═══ Provided data

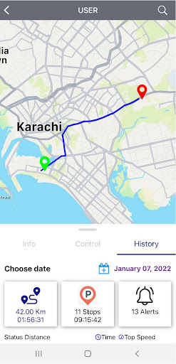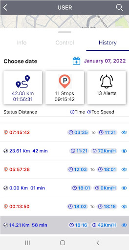 • Receive alarms from the vehicle such as speeding, idling, fence, etc.
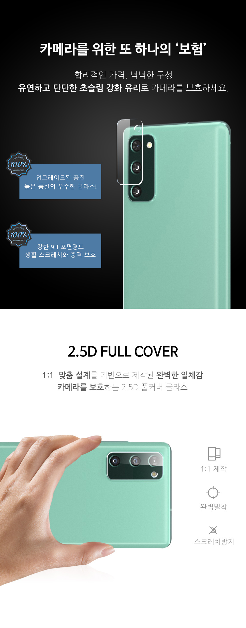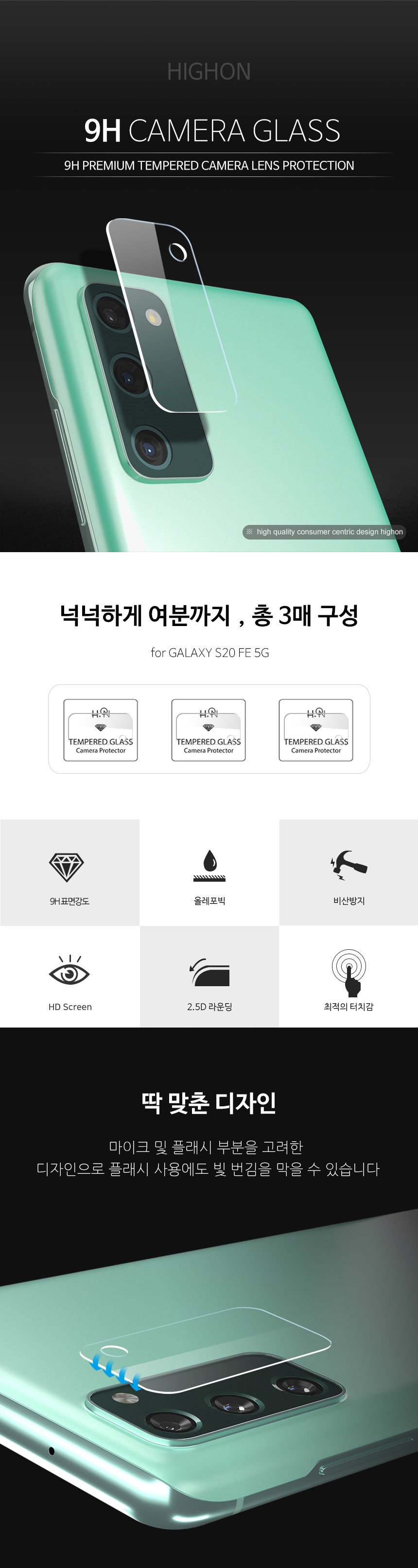 하이온 L글라스 후면 카메라 9H 강화유리 필름 (3매)
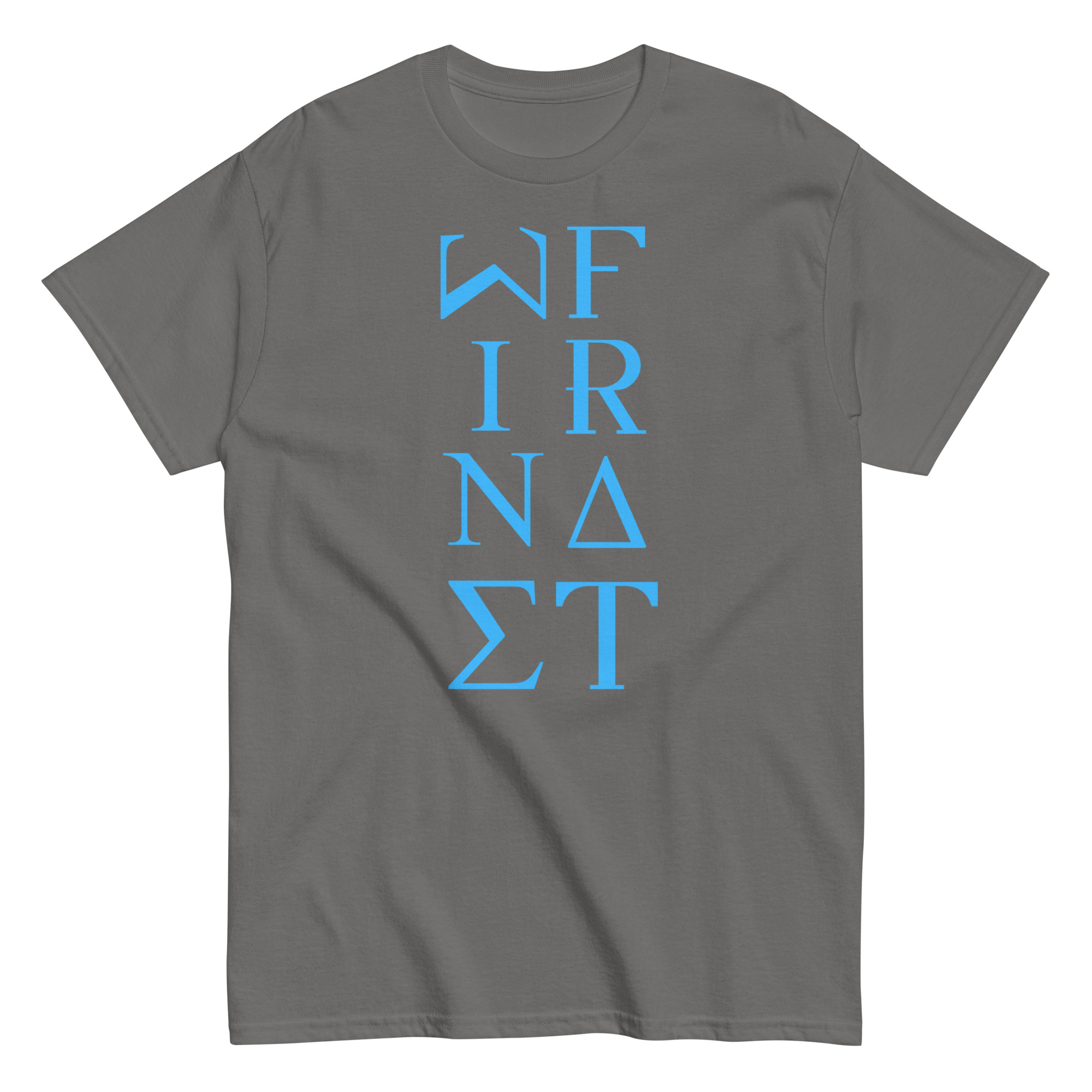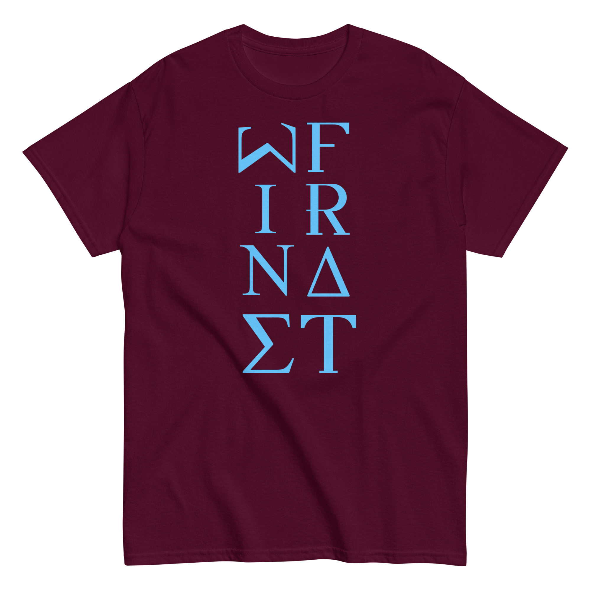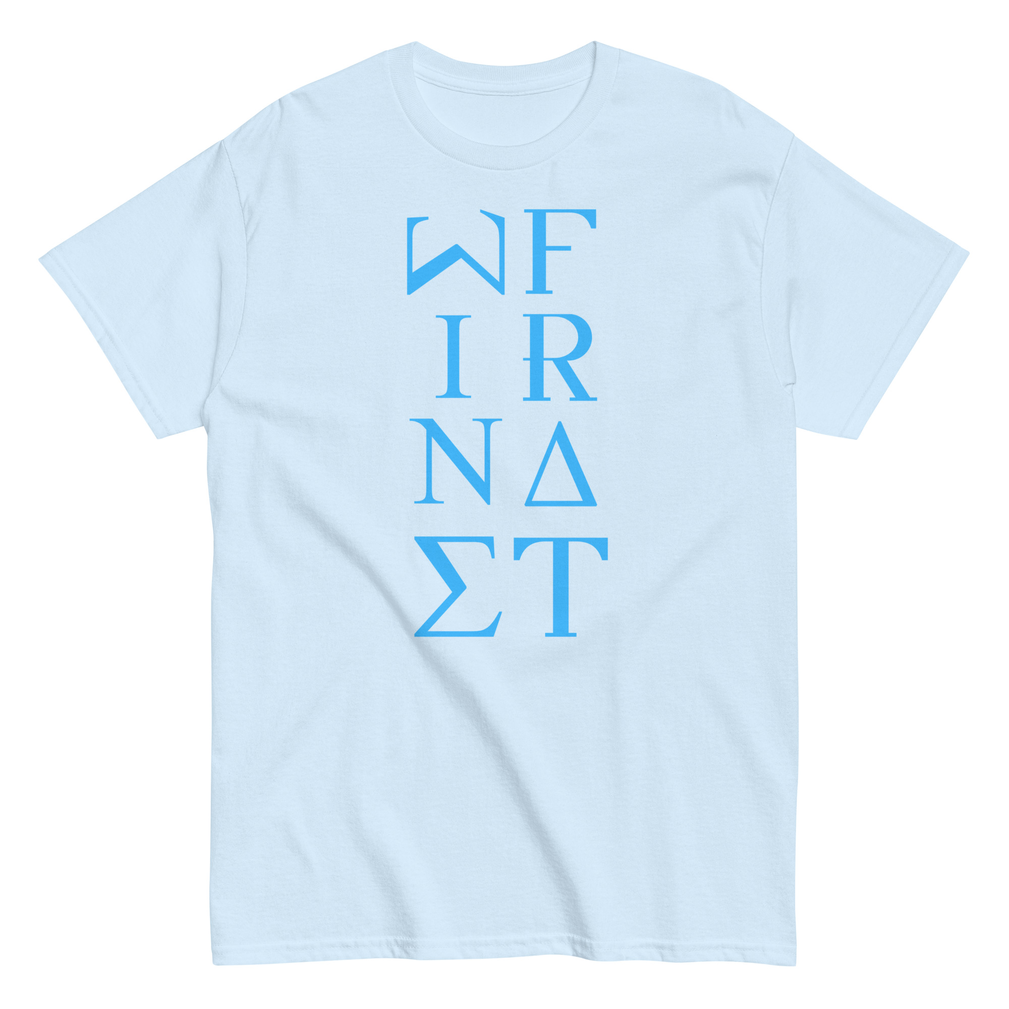 Men’s classic tee WineFrat-Line-in-Light-Blue-Letters
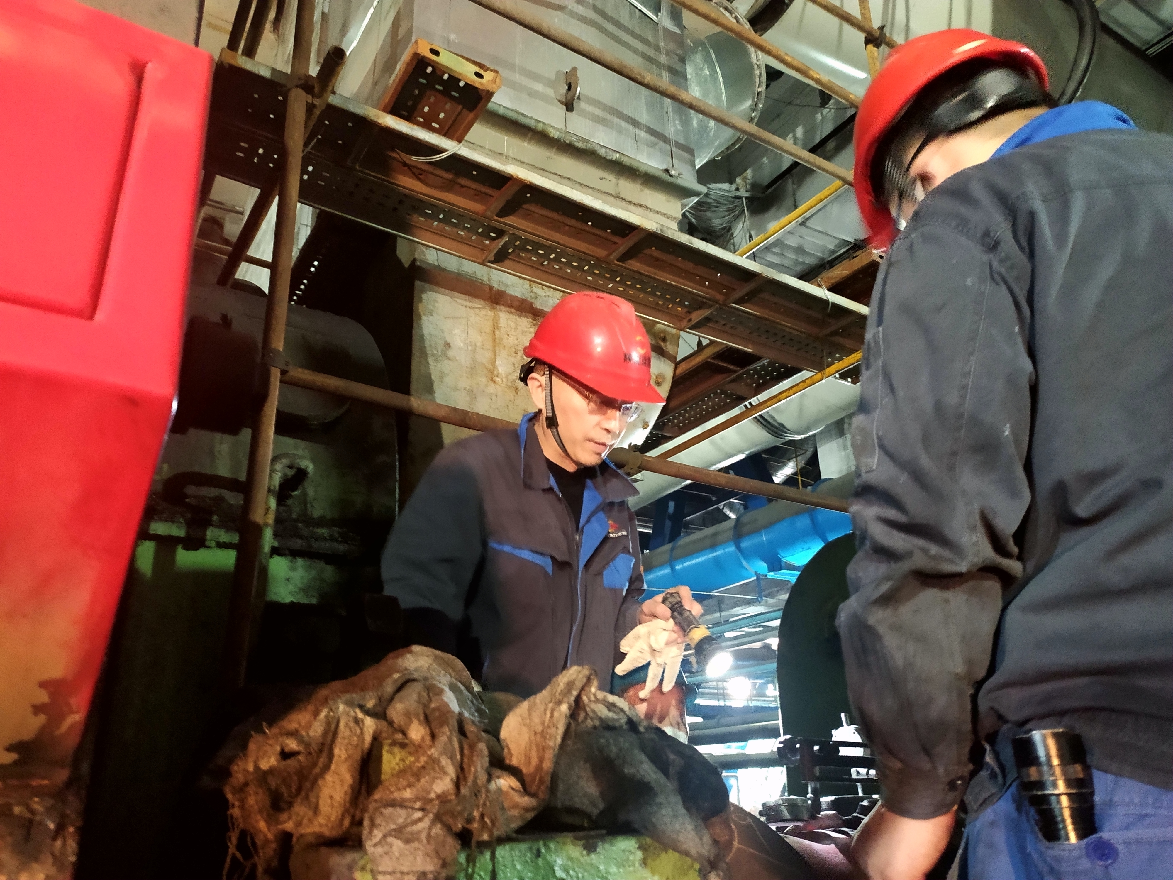 10:40,進了#5爐零米磨煤機檢修現(xiàn)場,劉宏二話不說,就上了操作平臺,或彎下身,或蹲在地上查看檢修情況,不時和工作人員交流著,又交代了幾句“抓緊工期,注意安全”后,劉宏從平臺上一躍下來,說:“走,12米?!?/span>
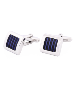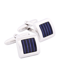 Polished Square Stainless Steel & Blue Enamel Cufflinks
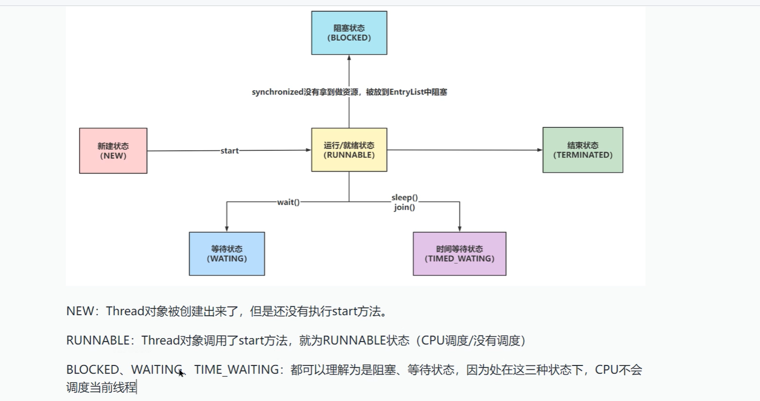 - 时间片轮转:每个线程分到固定时间片,用完后切换(抢占式调度)。
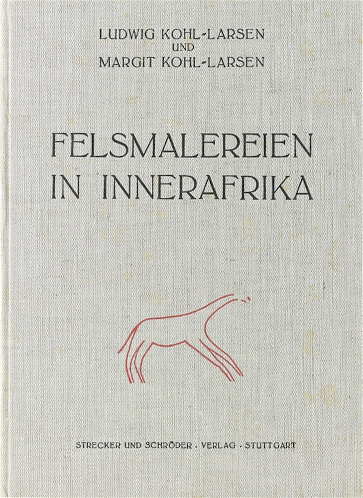 Kohl-Larsen, Ludwig und Margit Kohl-Larsen. Felsmalereien in Innerafrika. Ein Bildwerk geschichtlicher und vorgeschichtlicher Kunst. Stuttgart, Strecker und Schröder, 1938. Mit 3 Kartentafeln, 32 Abb. auf 16 Tafeln, 21 Illustr. auf 16 Tafeln u. 46 (richtig 47) Illustr. 93 S. u. 1 Bl. 4°. Illustr. OLn., dieses tls. schwach stockfleckig. (820 Gr.)
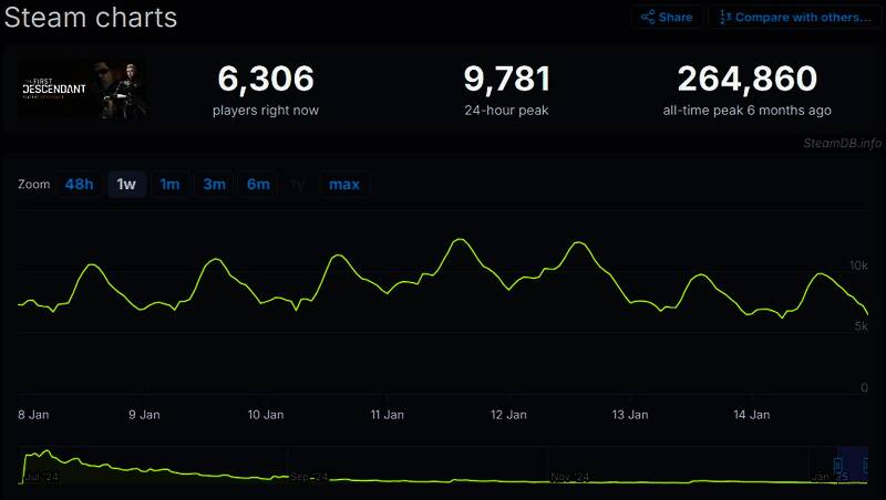 《第一后裔》在2024年夏季通过免费游玩模式,吸引了不少玩家,Steam玩家数峰值曾达到26.4万人。然而六个月后,《第一后裔》玩家流失超95%,目前最高峰值仅为9781人。
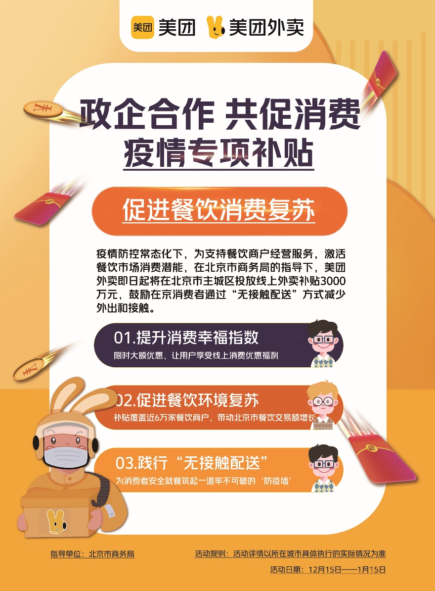 让市民享受线上消费优惠 美团外卖在北京发放3000万元惠民补贴
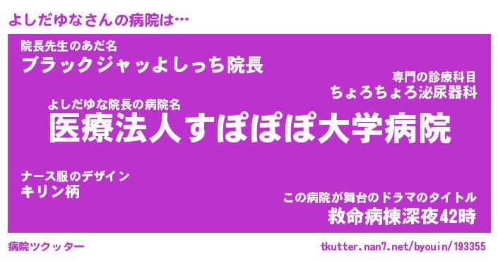 | ファンタジー風あだ名 | 『ヨシフェル』『エターナルヨシダユナー』 |
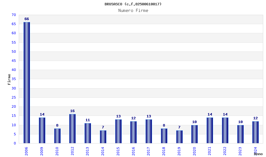 | Anno | Firme | Importi | Media | Naz. | Reg. | Prov. | Comu. |

══════

Aim of the task
Wherever a picture appears in the data, please drop it and retype the rest exactly.

The completed task
 • Receive alarms from the vehicle such as speeding, idling, fence, etc.
 하이온 L글라스 후면 카메라 9H 강화유리 필름 (3매)
 Men’s classic tee WineFrat-Line-in-Light-Blue-Letters
 10:40,進了#5爐零米磨煤機檢修現(xiàn)場,劉宏二話不說,就上了操作平臺,或彎下身,或蹲在地上查看檢修情況,不時和工作人員交流著,又交代了幾句“抓緊工期,注意安全”后,劉宏從平臺上一躍下來,說:“走,12米?!?/span>
 Polished Square Stainless Steel & Blue Enamel Cufflinks
 - 时间片轮转:每个线程分到固定时间片,用完后切换(抢占式调度)。
 Kohl-Larsen, Ludwig und Margit Kohl-Larsen. Felsmalereien in Innerafrika. Ein Bildwerk geschichtlicher und vorgeschichtlicher Kunst. Stuttgart, Strecker und Schröder, 1938. Mit 3 Kartentafeln, 32 Abb. auf 16 Tafeln, 21 Illustr. auf 16 Tafeln u. 46 (richtig 47) Illustr. 93 S. u. 1 Bl. 4°. Illustr. OLn., dieses tls. schwach stockfleckig. (820 Gr.)
 《第一后裔》在2024年夏季通过免费游玩模式,吸引了不少玩家,Steam玩家数峰值曾达到26.4万人。然而六个月后,《第一后裔》玩家流失超95%,目前最高峰值仅为9781人。
 让市民享受线上消费优惠 美团外卖在北京发放3000万元惠民补贴
 | ファンタジー風あだ名 | 『ヨシフェル』『エターナルヨシダユナー』 |
 | Anno | Firme | Importi | Media | Naz. | Reg. | Prov. | Comu. |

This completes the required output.